What Did I Get Out Being With MOVE
(I haven't posted in a while, but somebody recently asked me what I got out of being in MOVE and I really thought about it for a while and thought I would share my response on here in the hopes that it may help somebody out there)
That is really a good question and one that deserves a thorough answer. I am glad you asked it because it really caused me to sit down and think about it.
What I came up with was that what I got out of MOVE was different at varying points of my involvement.
When I first became involved in MOVE I think it gave me a kind of purpose in life. I believe that it allowed me to make sense of a world that did not make sense. Although I would come to find out that this MOVE-inspired conception of the world was horribly skewed, it did give me a kind of relief to think that I understood the way that the world worked.
Later on, as my time in MOVE progressed, I came to the belief, again mistaken, that MOVE was my family. One cannot underestimate the power that this belief brings with it. The kind of hold that this can have on people. It is this sense of identity that can allow for people to think that committing murder and other atrocities is ok. The reality of course was that my MOVE "family" was only my "family" as long as I adhered to their belief system, their ideology, their dictates. The moment it became clear that I would no longer live under their tenets, my "family" turned into my nightmare and my biggest enemies.
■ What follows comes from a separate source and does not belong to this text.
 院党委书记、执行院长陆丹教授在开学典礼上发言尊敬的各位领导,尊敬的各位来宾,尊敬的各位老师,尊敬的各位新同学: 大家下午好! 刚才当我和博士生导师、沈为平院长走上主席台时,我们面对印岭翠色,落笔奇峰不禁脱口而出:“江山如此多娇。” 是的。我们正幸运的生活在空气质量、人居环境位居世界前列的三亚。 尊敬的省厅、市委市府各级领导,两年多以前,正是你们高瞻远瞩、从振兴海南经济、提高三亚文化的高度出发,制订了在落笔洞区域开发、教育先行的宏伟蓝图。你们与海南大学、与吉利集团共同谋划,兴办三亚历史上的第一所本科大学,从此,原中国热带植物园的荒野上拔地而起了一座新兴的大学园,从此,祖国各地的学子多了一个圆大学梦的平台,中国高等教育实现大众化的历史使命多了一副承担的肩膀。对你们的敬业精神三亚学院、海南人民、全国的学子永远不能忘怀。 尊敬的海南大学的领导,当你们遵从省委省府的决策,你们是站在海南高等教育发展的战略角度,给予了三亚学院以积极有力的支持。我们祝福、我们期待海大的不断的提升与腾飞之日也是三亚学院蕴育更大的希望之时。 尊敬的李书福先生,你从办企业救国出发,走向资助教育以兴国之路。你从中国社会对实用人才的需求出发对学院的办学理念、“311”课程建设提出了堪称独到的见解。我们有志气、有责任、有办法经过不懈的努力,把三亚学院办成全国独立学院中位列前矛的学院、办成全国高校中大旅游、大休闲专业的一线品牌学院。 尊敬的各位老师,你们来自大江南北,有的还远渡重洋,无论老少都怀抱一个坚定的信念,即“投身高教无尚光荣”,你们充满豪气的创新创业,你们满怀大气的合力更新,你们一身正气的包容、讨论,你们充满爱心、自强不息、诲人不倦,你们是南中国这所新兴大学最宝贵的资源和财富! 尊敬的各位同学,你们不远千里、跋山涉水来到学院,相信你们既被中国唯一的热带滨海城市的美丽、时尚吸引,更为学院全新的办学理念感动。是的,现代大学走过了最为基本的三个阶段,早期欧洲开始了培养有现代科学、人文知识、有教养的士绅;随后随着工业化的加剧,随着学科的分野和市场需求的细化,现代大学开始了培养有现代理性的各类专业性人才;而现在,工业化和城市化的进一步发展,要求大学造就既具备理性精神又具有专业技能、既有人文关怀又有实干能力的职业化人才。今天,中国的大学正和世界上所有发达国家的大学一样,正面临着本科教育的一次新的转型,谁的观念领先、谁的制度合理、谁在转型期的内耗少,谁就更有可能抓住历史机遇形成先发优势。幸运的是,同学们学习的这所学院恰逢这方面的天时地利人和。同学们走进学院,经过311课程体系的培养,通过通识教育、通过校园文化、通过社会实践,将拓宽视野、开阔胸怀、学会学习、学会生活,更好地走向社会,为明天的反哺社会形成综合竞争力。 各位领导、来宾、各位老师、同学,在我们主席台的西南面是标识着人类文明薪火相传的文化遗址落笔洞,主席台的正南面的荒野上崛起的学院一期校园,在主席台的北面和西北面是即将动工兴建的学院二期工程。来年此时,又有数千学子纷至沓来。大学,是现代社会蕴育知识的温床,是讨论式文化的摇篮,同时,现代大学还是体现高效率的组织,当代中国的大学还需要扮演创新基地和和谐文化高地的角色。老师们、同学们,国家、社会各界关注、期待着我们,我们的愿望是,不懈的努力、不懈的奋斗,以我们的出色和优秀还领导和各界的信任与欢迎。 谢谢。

Ultimately though what I got out of MOVE was the idea that it was ok to give up on thinking or living my own life. What I mean by that is instead of walking through life and learning I committed to MOVE which was the same as committing intellectual suicide. There was no need anymore for existential questions or critical thinking because that was all done for me. The problems I had in marriage and in life did not need to be worked out...MOVE would figure them out for me. I did not need to push myself to get a good job or a good education. Those things were looked down upon in MOVE. Basically, the group makes it ok to be a loser.
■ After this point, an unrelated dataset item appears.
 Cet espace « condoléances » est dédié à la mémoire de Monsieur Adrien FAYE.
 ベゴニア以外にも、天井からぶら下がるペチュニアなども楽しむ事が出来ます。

I don't mean a loser in the sense of someone who tries and is beat down by circumstances and who owns what happens in their life. I mean loser in the sense of always looking for someone or something to blame. For MOVE, that someone or something was and is "the system". It is the complete abdication of responsibility for the things that happened in my life. That is how the MOVE members can be in jail for 30+ years and still cannot take one iota of responsibility for the situation that they are in. They blame the cops, the lawyers, the "system", anything at all to deflect the responsibility from themselves.